また生活保護そのものについて、「もしかして、利用を妨げる目的?」と勘ぐりたくなる内容も含まれている。たとえば番組中には、生活保護の利用を考えた女性が「生活保護は申請しても2〜3ヵ月待たなくてはならないので、それまで待てなくて風俗店の面接に」という内容を語るシーンがあるのだが、申請を受けた福祉事務所は、2週間以内に保護の可否を通知する必要がある。

 女性は本当に「2〜3ヵ月必要」と思い込んでいたのであろうし、「だから風俗に」も事実なのであろう。でも、テロップやナレーションに、

「申請から保護開始までの期間は2週間以内、緊急時には即時保護開始も可能」

 という情報を含めることは、難しいことではないはずだ。

 貧困問題に取り組む法律家・支援者たちが、「あしたが見えない」に対する数多くの批判や提言を行った。

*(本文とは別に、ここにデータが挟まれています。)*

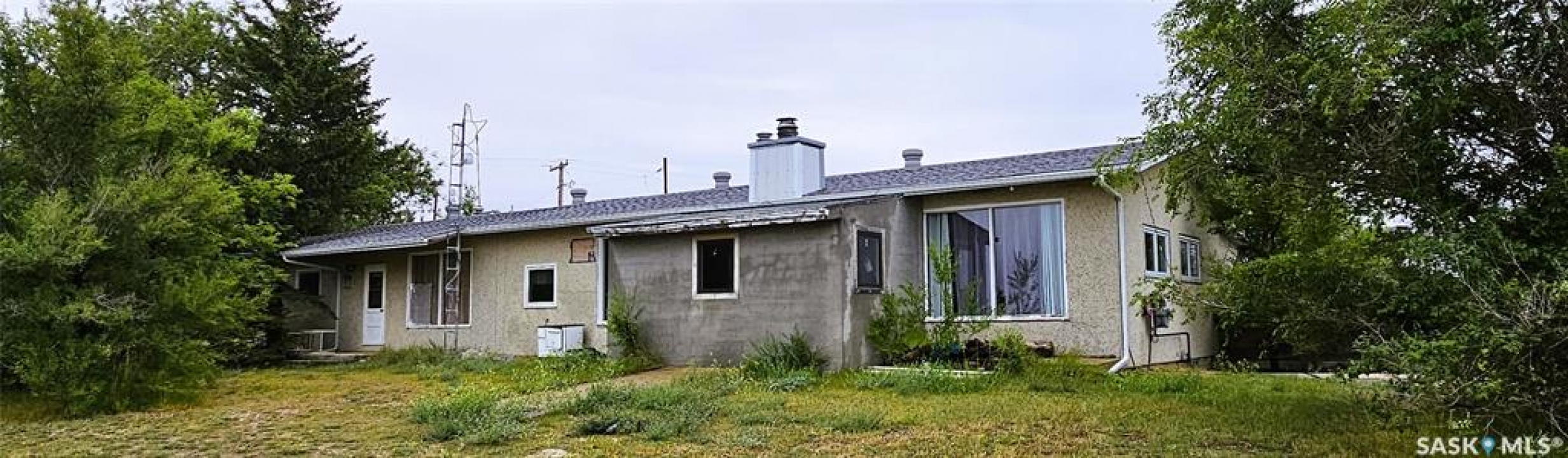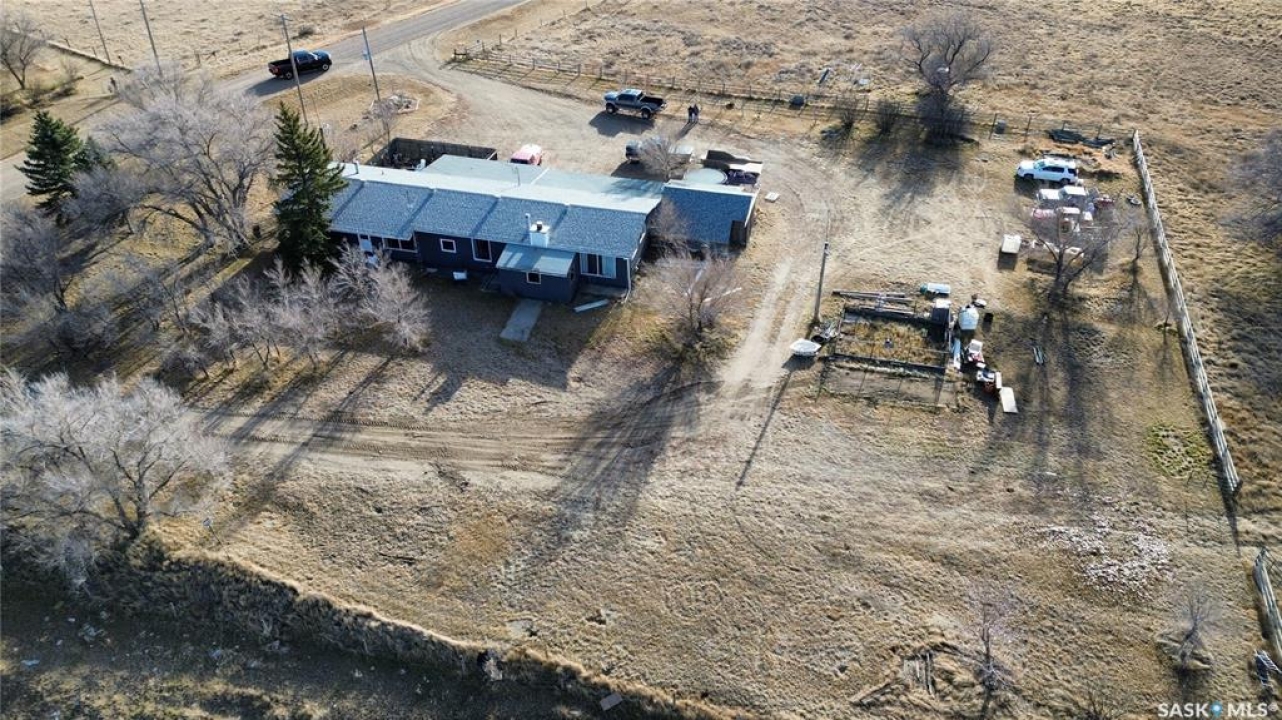 Check out this 4.35 Acre property just minutes from Maple Creek, SK. This expansive 2016 square foot home features 4 bedrooms on the main level, as well as a large laundry room with sink and pantry storage. The kitchen is open to the dining room with updated white cabinetry, lots of counter space and access to the covered back deck and private fenced yard. The living room is extremely spacious and features a wood fire place and large windows. There are two sides to the basement- one side has a bedroom and a storage room/ office area with large closet space. The unfinished side of the basement offers potential for customization, while an addition off the living room could be transformed into an extra living space and ensuite bathroom to one of the main floor bedrooms. The back of the addition has a second area that could be upgraded into a great attached garage or work shop area. The land has fence surrounding to provide an area for horses or animals. Surrounded by mature trees, this property offers abundant space and privacy. Don't miss this unique opportunity to create your ideal living space on your own piece of land!
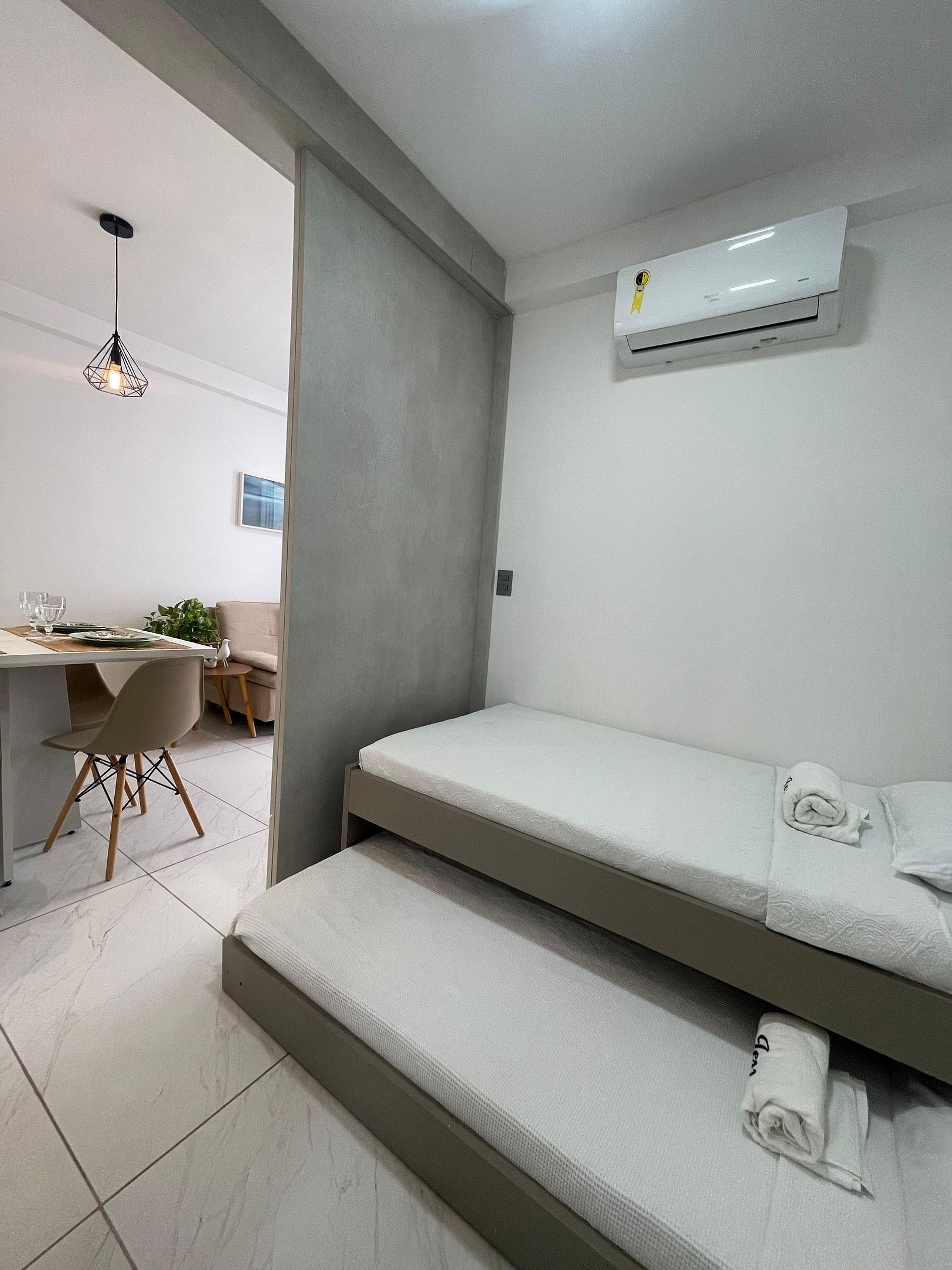Viva dias inesquecíveis neste charmoso e aconchegante apartamento com localização privilegiada — um verdadeiro pé na areia! O apartamento conta com uma suíte espaçosa, equipada com cama queen e TV, garantindo conforto e privacidade. O ambiente integrado oferece uma bicama, ideal para acomodar mais hóspedes com praticidade. A sala dispõe de um confortável sofá-cama, perfeito para momentos de descanso.
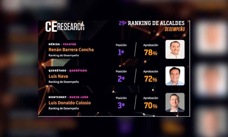 Primer lugar y con 78 puntos de aprobación, está el alcalde Renán Barrera Concha, alcalde de la ciudad de Mérida. En segundo lugar, se ubica el alcalde de Querétaro, Luis Nava, con 72 por ciento de aceptación general. En tercer puesto, ubican a Luis Donaldo Colosio, alcalde de Monterrey; en cuarto lugar, está Eduardo Rivera, alcalde de Puebla y en quinto, el alcalde de Guadalajara, Pablo Lemus Navarro. Y claro siguen otros muchos, si bien solo estoy poniendo a los punteros.

また、視聴者からは賛否とも数多くの反響が寄せられたという。この結果、2014年4月27日、NHKスペシャルにおいて検証番組「調査報告 女性たちの貧困〜"新たな連鎖"の衝撃〜」が放映されることとなった。こちらも、「NHKオンデマンド」で試聴することができる(有料・http://www.nhk-ondemand.jp/goods/G2014054777SC000/)。

「調査報告 女性たちの貧困」では、女性の活躍に期待される一方で女性の貧困化も進んでいる現状・「一家を支える男性の長期安定雇用」という前提が崩れたために、妻が容易に貧困化し、さらに子どもたちも貧困状態に…という現状を、中学校に通うこともできないネットカフェ生活の14歳の少女・学費を稼ぐために東京に「出稼ぎ」して工事現場などで働く地方の大学生女子・長年望んで高齢で授かった胎児を「産んでも育てられない」と特別養子にする決意をした30代後半の母親など、衝撃的な実例とともに伝えている。

 筆者は、

「この取材力と訴求力は、優秀なスタッフの多いNHKだからこそ」

 と評価するものの、やはり何度も、

「だから、そのために、生活保護があるんでしょうが!」

 と絶叫したくなった。父親の失職や病気などのトラブルを、一家全員の困窮、特に子どもたちが健全な生育環境を失うことに直結させないためには、おそらく、さいきまこ著・漫画「陽のあたる家」(本連載 政策ウォッチ編・第35回参照)の一家のように早急に生活保護を利用することこそが最良の対応なのである。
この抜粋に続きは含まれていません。